A Bug in linker_reference_module() ?
John Baldwin
jhb at freebsd.org
Fri Sep 22 11:58:45 PDT 2006
On Thursday 21 September 2006 21:57, Intron is my alias on the Internet wrote:
> John Baldwin wrote:
>
> > On Thursday 21 September 2006 14:12, Intron is my alias on the Internet
wrote:
> >> Please have a look at the function linker_reference_module() in
> >> /sys/kern/kern_linker.c of 7.0-CURRENT. If the module is loaded on
demand,
> >> why not increase its reference counter after loading? In my opinion,
> >> linker_reference_module() behaves differently from linker_load_file().
> >
> > This is because a new kld loaded via linker_load_module() starts off
> > with a refcount of 1. Thus, if you do:
> >
> > linker_reference_module(...);
> > ...
> > linker_release_module(...);
> >
> > Then with the current code the release_module() call drops the reference
> > count to 0 and the module is unloaded. This is the desired operation for
> > reference_module/release_module. This model is commonly used in the
kernel.
> > For example, when creating a credential, one just does 'crget()' and later
> > a 'crfree()' to free it instead of doing 'crget(); crhold()' to create
one.
>
> This model is a little confusing. If a module is loaded on demand as
> dependency, its reference counter is set to 1. And if the module is loaded
> by kldload(2), its reference counter is also set to 1, though in fact
> no other loaded module depends on it.
kldload(2) is a way for to specify a user reference on the module, and
kldunload(2) is how you drop that user reference.
> Although this "shift" model can work correctly, I want to know whether
> there's a more reasonable way, such as setting up an auto-unloadable flag.

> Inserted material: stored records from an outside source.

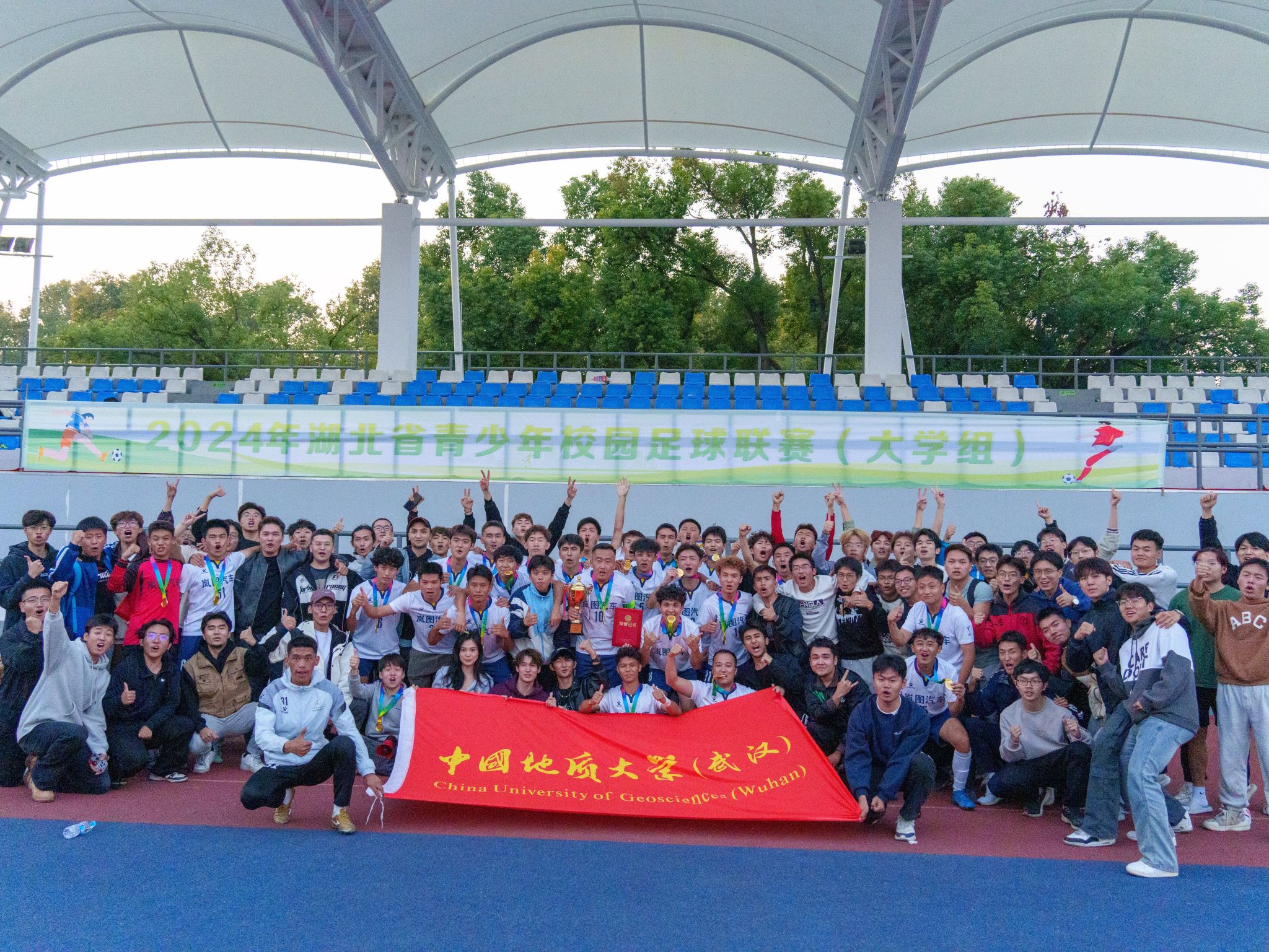 地大新聞網訊 11月1日至11月6日,由湖北省教育廳體衛藝處主辦、湖北省學生體育協會足球委員會協辦的2024年湖北省青少年校園足球聯賽(大學組)男子校園甲組比賽在華中科技大學主校區東操場進行。本次聯賽由來自我校、武漢大學、華中科技大學、中南民族大學、中南財經政法大學、華中農業大學、武昌工學院、武漢工程大學等八所高校近200名選手參與,我校足球健兒在比賽中展現出較好的速度、力量、意識和較強的對抗性,靠著頑強的斗志和特別的戰術執行力最終戰勝各隊強手榮獲冠軍。此次比賽由體育學院副院長李倫領隊,主教練皮崴老師全程指導。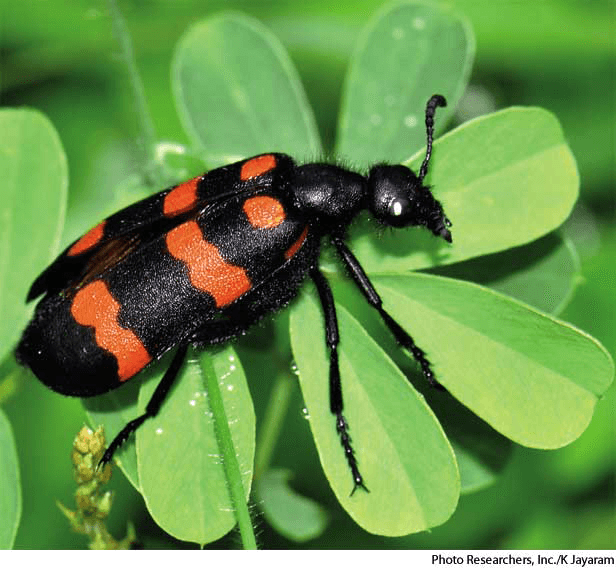 blister beetlen.(名词) blister beetleorange blister beetleMylabris pustulata- Any of various soft-bodied beetles of the family Meloidae, such as the cantharis, that secrete a substance capable of blistering the skin. Also called meloid 斑蝥,地胆:一种芜菁科软体甲虫,如斑蝥,能分泌一种使皮肤起疱的物质 也作 meloid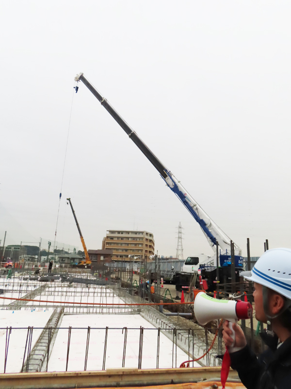 現場では、鉄筋配筋作業をメインに、この日から新たに行われているという柱壁と呼ばれる鉄筋の配筋圧接の作業を見学。

There is this effectively done with the userref flag. When you kldload a
module, it sets userref to 1, and you can only kldunload a module when
userref == 1. This lets the following work:
thread 1 thread 2
kldload(foo) ...
... linker_reference_module(foo)
(now foo has userref == 1 and refs == 2)
kldunload(foo) ...
(now foo has userref == 0 and refs == 1, kldunload reports success, but module
isn't unloaded due to in-kernel reference)
... linker_release_module(foo)
(now refs drops to 0 and module is actually unloaded)
The simpler cases also work fine if you try them out.